Monday, March 18, 2019

Overheard at GCPA MISO South Regional Conference

NEW ORLEANS — MISO CEO John Bear opened the Gulf Coast Power Association’s MISO South Regional Conference with a recap of the RTO’s strategic initiatives and the five “500-year” storms he said the region has experienced in less than four years.

“I’m not a statistician, but I think that means they’re not 500-year storms anymore. This polar vortex thing … is real, and it’s happening on a more frequent basis. I’ll leave for debate why it’s happening … but we don’t really care. All we know is that it is happening and we have to deal with it.”

About 200 attorneys, analysts, regulators and other stakeholders attended the Gulf Coast Power Association’s MISO South Regional Conference in New Orleans last week. | © RTO Insider

Bear also responded to concerns he has heard from state regulators and others that MISO’s costs are rising.

He said the RTO’s administrative charge is still about 38 cents/MWh, “which is right with PJM, which is half [the rate] of the next RTO that’s even close to us because of our scale and our ability to manage costs.”

He acknowledged that MISO’s transmission costs have risen but said the $5.6 billion invested as a result of the RTO’s Transmission Expansion Plan will produce energy cost savings of at least a 3-to-1 ratio. “So, the energy costs are going down while the transmission costs are going up.”

He also said transmission growth is essential to MISO’s efforts to clear its interconnection queue. “If we don’t build more transmission, it’s not going to help. It’s still going to be slow and, I would argue, it’s going to be inefficient.”

North-South Transmission

Bear said any consideration of potential transmission projects to provide more transfer capacity between MISO South and North-Central should be part of a holistic, regionwide analysis.

MISO CEO John Bear | © RTO Insider

He said MTEP 19 will consider two different generation portfolio mixes, referring to the accelerated fleet change future and the distributed and emerging technologies scenario. “They look very different than the [portfolio] that we have today. And so, understanding how the transmission system could be optimized to operate that portfolio is the key.

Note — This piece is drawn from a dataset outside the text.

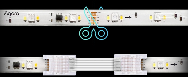 기본 LED 스트립 T1의 스트립 길이는 2미터입니다. 여기에서 1미터 길이의 연장키트를 총 10미터 길이 (기본 LED 스트립 T1 2미터 포함)까지 연결할 수 있습니다. 최종 길이를 맞추기 위해서는 절단이 필요할 수 있는데 이 경우 20cm 단위로 자를 수 있습니다.

“I think we’ve got to study that,” he added. “If there’s not a benefit, and a pretty significant benefit … then we’re not going to construct the transmission portfolio.”

In MTEP 17, MISO conducted a “footprint diversity study” to identify transmission projects to increase connections between the regions. But the study found that none of the 35 projects considered passed the 1.25-to-1 benefit-cost criteria based on adjusted production cost benefits. (See “No Tx Coming for North-South Constraint,” MTEP 17 Proposal: 343 New Transmission Projects at $2.6B.)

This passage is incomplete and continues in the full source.